GC omitting an increasing pile of garbage until OOM ensues

We have a server that OOMs every 30 minutes, exhausting 16G of RAM. Thinking we were leaking some global state, we memprof’d it and were surprised by these results:





Subtitles if you’re not used to this output : in black the total memory consumption at time t, in blue the memory consumption at time t that is still uncollected in the highlighted (red) zone.

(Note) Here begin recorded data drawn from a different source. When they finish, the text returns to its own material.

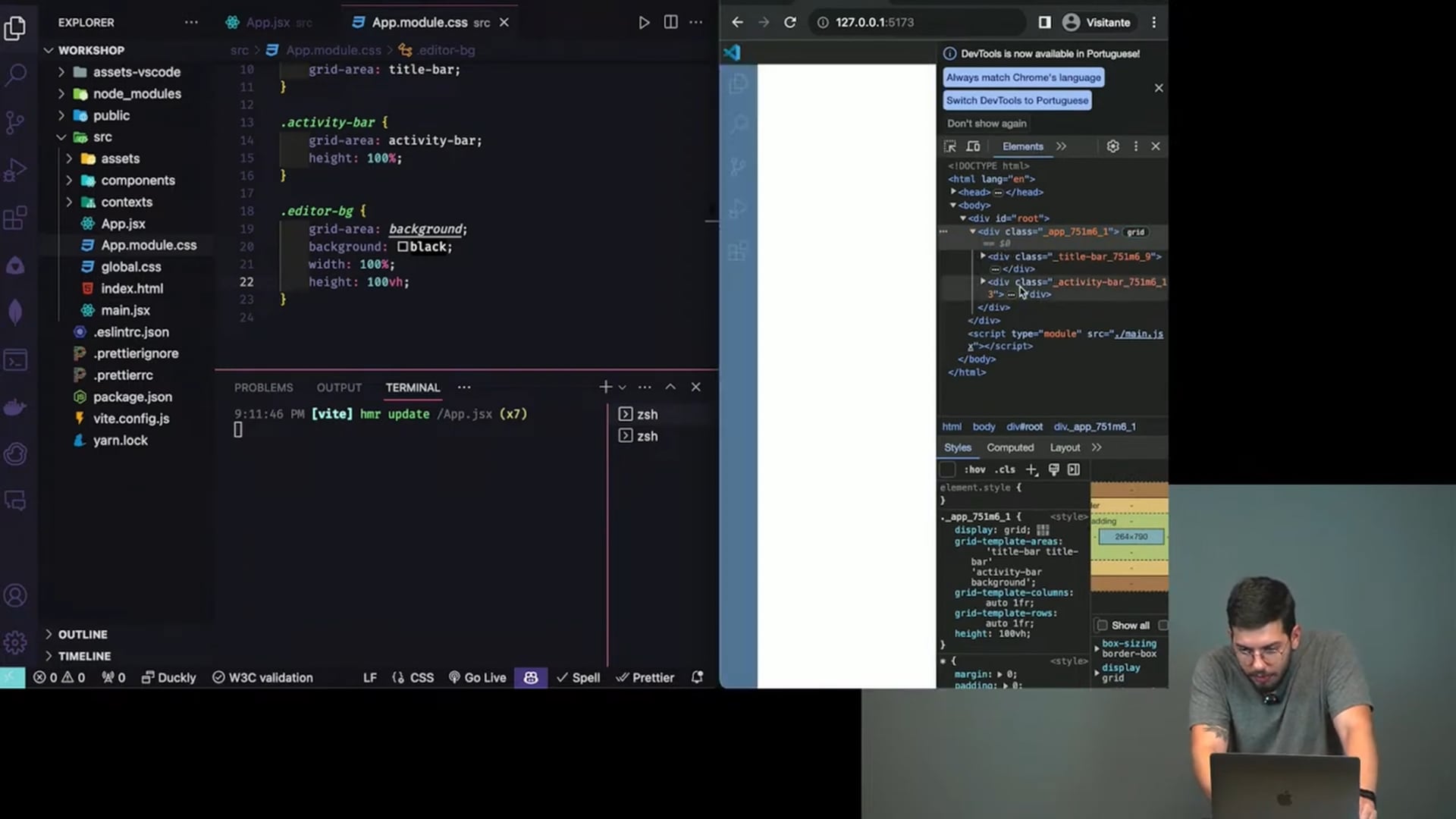 Estamos criando um fundo no app utilizando React e CSS. Exploramos classes CSS, propriedades como cor, altura e divisores de espaço para a atividade. Discutimos a modularização do CSS e ajustamos elementos visuais para otimizar a visualização.
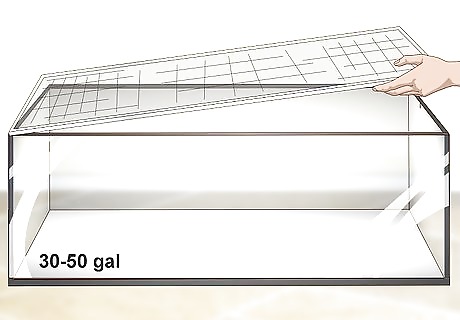 Choose a 30–50 US gal (110–190 L) plastic tub or aquarium with a lid. It is suitable to house smaller and younger garter snakes in smaller enclosures, while larger garter snakes require larger housing. Garter snakes are very active, so the enclosure needs to be big enough for them to move about. Ensure that the plastic tub or aquarium has a lid that is tight fitting. This is because garter snakes are known for being escape artists. A screen lid that snaps onto the enclosure is best. If the lid has any areas of mesh or grille, check that the snake won’t be able to climb through past its eyes, as this means that it will be able to fit all the way through the gap. An enclosure for 2 garter snakes should be approximately 55 US gal (210 L).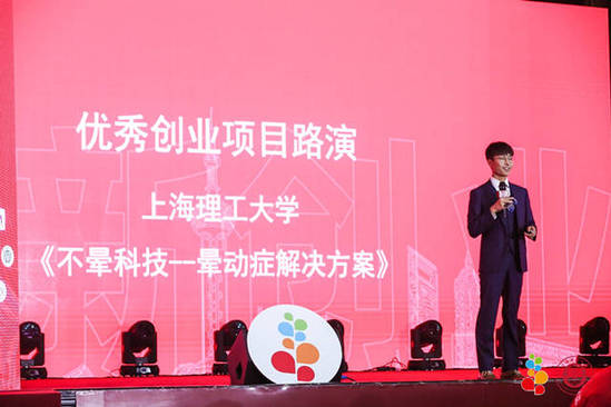 “中国80%的人都经历过不同程度的晕动反应,即俗称的晕车或晕船。我自己就是个严重的晕车患者,长途旅行对我来说是个灾难。现在,我们设计了一款‘不晕眼镜’,只要戴上,10分钟就能解决晕动症。”颇显自信的上海理工大学中英国际学院大三学生余昊源在演讲台上介绍项目,他参与的这个“不晕眼镜”项目获选了此次的最佳创业报告奖。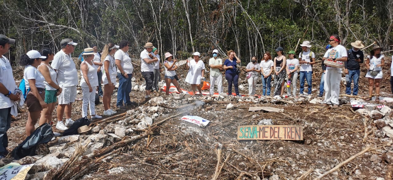 Dentro de la manifestación, los ambientalistas formaron con piedras la expresión S.O.S. en uno de los terrenos afectados, con la finalidad de que el presidente de la República, Andrés Manuel López Obrador, quien se encuentra en Quintana Roo, supervisando las obras del proyecto, pueda ver dicha señal cuando sobrevuele la zona.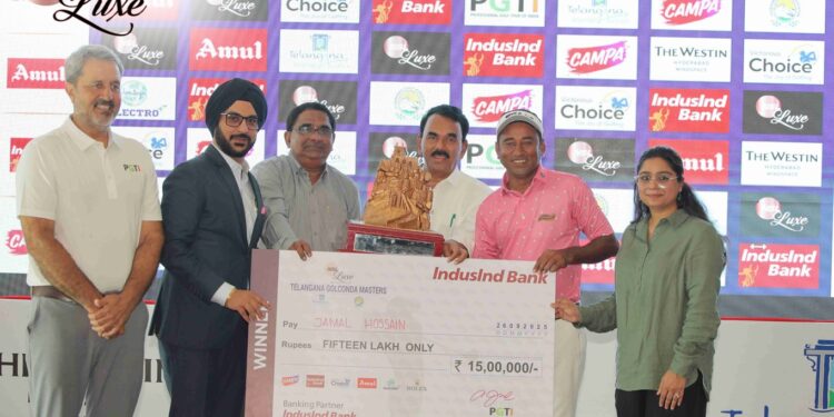 ভারী বর্ষণে চূড়ান্ত রাউন্ড বাতিল হয়ে যাওয়ায় এনএসএল লাক্স প্রেজেন্টস তেলেঙ্গানা গোলকোন্ডা মাস্টার্স ২০২৫-এর শিরোপা জিতলেন বাংলাদেশের জামাল হোসেন। শুক্রবার হায়দরাবাদ গলফ অ্যাসোসিয়েশনে (এইচজিএ) ৫৪ হোল...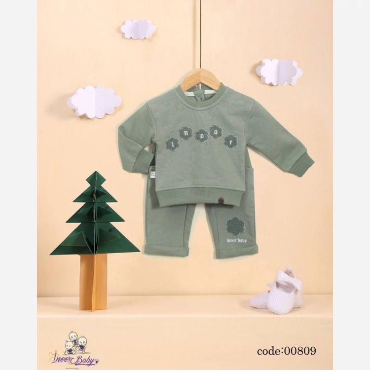ست بلوز شلوار دخترانه شنل دوزی 5 گل برند آینور بیبی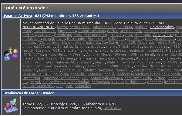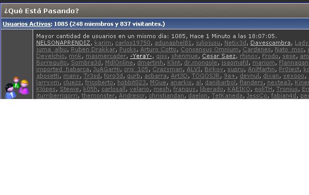 La cosa se atascó, será porque algún tema haya pasado a mejor vida? Mayor cantidad de usuarios en un mismo día: 1254, hace 4 días a las 20:43:10.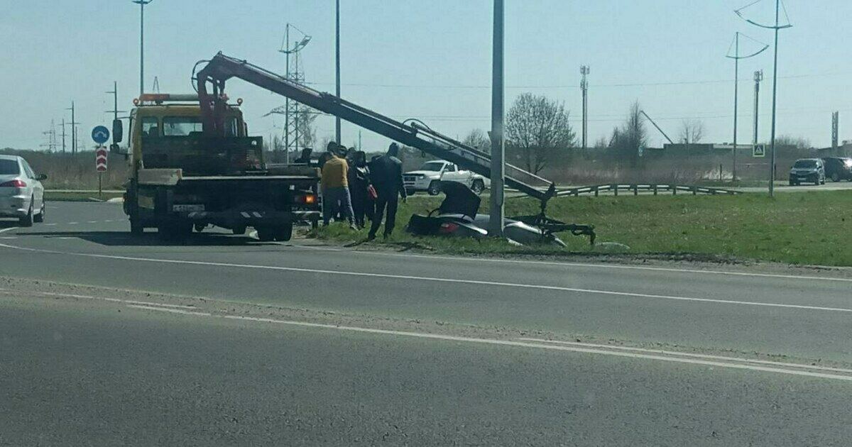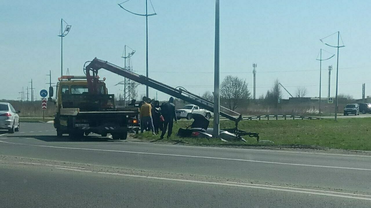 Легковушку занесло в среду, 27 апреля, около 9:20 на окружной дороге в районе поворота на Гурьевск.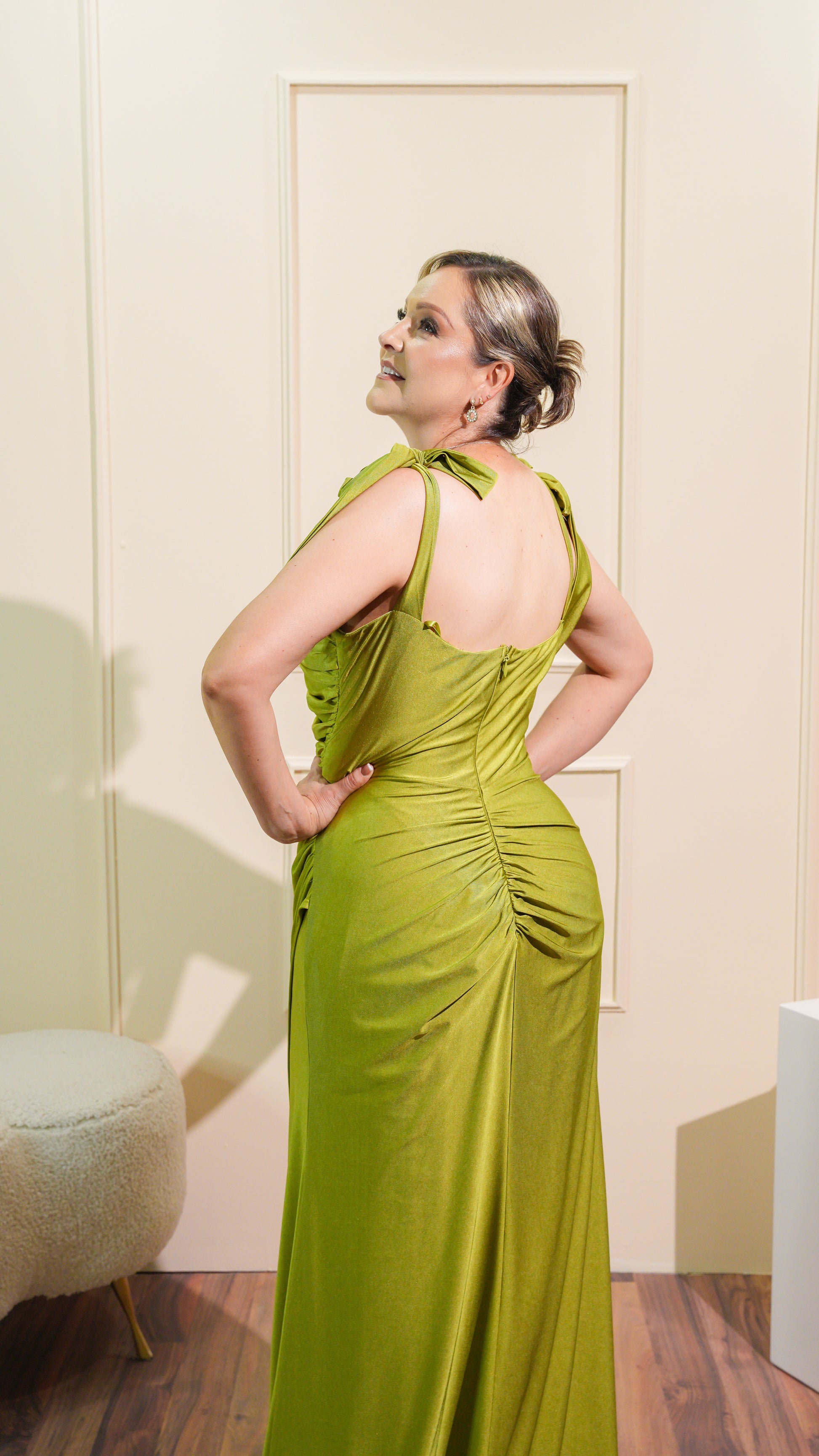 Vestido Verde Limon Straple Moños Caidos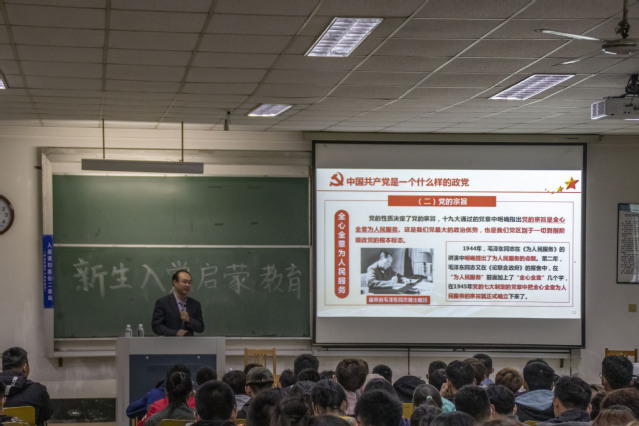 10月16日上午,williamhill威廉希尔于3号教学楼315教室召开了2020级新生入党启蒙教育大会。会议由学院党总支副书记宋伟主讲,2020级辅导员邱先慧主持,2020级全体新生参加会议。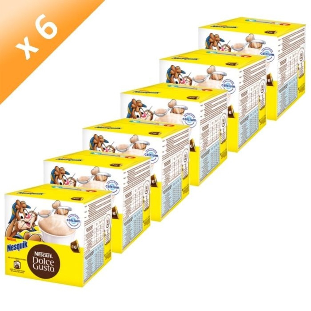 6 packets de 16 Capsules Café Nescafé Dolce Gusto - Saveur : Grande aroma - Teneur en caféine : Caféiné - Spécialité : Sans gluten - Ingrédients : Café torréfié moulu, arôme naturel - Poids : 83.2 Grammes - Dimensions de l'article L x L x H : 12 x 12 x 12 centimètres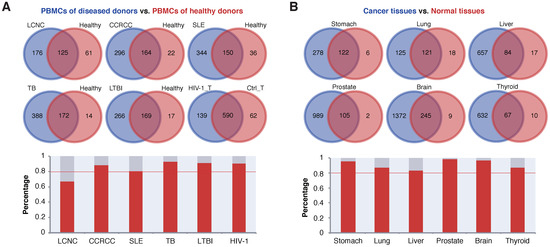 SEGs were identified from the PBMCs of patients with various tumors, systemic lupus erythematosus (SLE), active tuberculosis (TB) and latent tuberculosis infection (LTBI), and compared with the SEGs analyzed from healthy human PBMC samples, respectively. Except for large cell neuroendocrine carcinoma (LCNC, 67.2%), more than 80% of the SEGs from healthy PBMCs were repeatedly covered by those identified from the PBMCs of patients with all the other diseases (Figure 5A). For TB and LTBI, the SEG coverage was larger than 90% (Figure 5A). SEGs were also identified from T cells of PBMC samples infected with HIV-1 and non-infected controls. Similarly, a high proportion (>90%) of the control SEGs was covered by those identified from HIV-1 infected samples (Figure 5A).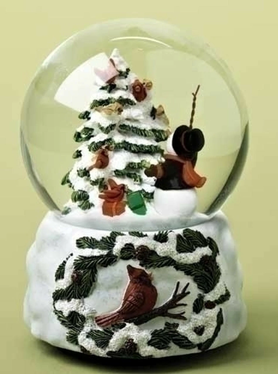 Glitterdome features a snowman conducting a chorus made up of cardinal birds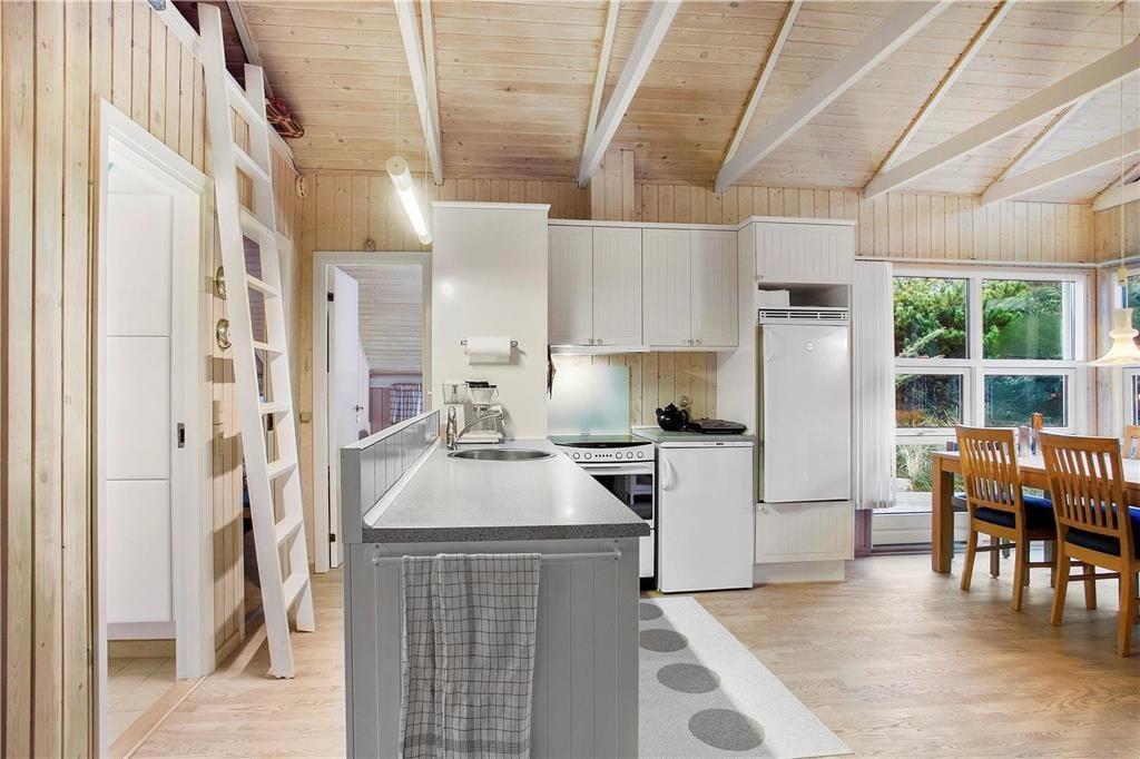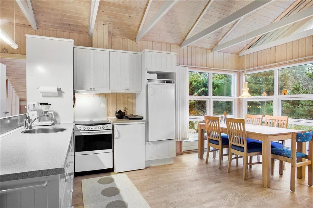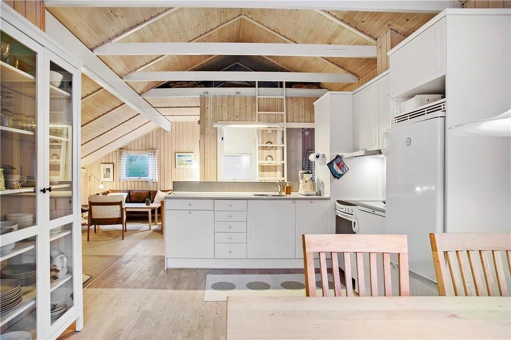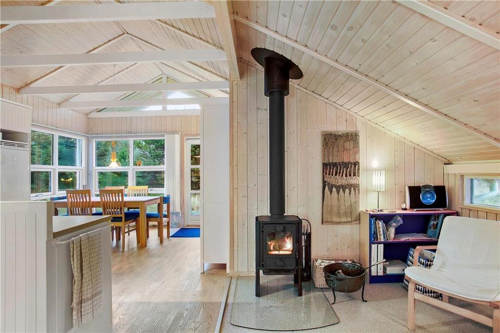 Inden døre i sommerhuset er atmosfæren lys og indbydende, og man kan tydeligt se, at rummene er blevet pænt vedligeholdt og opdateret siden opførelsen i 1982. Køkkenet er rummeligt, indeholder opvaskemaskine og ligger på velfungerende vis i åben forbindelse med både spisepladsen i den ene ende af huset og stuen i den anden. Selve stuen byder på behagelige møbler, hygge fra brændeovnen og mulighed for at streame TV fra egne abonnementer til fladskærmens tilsluttede Chromecast. Når det er ved at være sengetid, kan I lige runde badeværelset for at børste tænder, inden I går til ro på de tre gode soveværelser.

If you compare the blue curves, they “start” later and later as we progress through the pictures. So it seems that we actually do not leak anything, since everything is eventually collected. However this “backlog” of collectable memory grows steadily until system memory exhaustion. We can sort of see the GC triggering at regular intervals, so it’s as if the amount of freed memory was always inferior to the allocated memory during that interval, so that garbage keep piling up. As if the major slice size was too low ? Could also be that the GC triggers less and less often, but that seems unlikely.

In any case, the smoking gun that proves we’re not leaking is that firing a Stdlib.Gc.full_major () every minute entirely solves the problem, keeping the RAM consumption around 1G even after an hour. (This usually completes in ~100ms so ironically for our use case it is a pretty good garbage collection algorithm :clown_face: ).

Are we correct in concluding that this is a bug? While tweaking the GC settings to make it more aggressive could also solve our issue, I suppose it should never diverge like so ?

Thanks for your time!

Cc @thufschmitt @bnguyenvanyen

2 Likes

What version of ocaml are you using?

This seems like an instance of the GC pacing bug that other users have encountered. See Poor GC behavior on OCaml 5 · Issue #13868 · ocaml/ocaml · GitHub. There is a work-in-progress fix at https://github.com/ocaml/ocaml/pull/13580.

3 Likes

Sorry, should have specified that; initially on observed on 5.2.2, upgraded to 5.3.0 for memprof and problem persists.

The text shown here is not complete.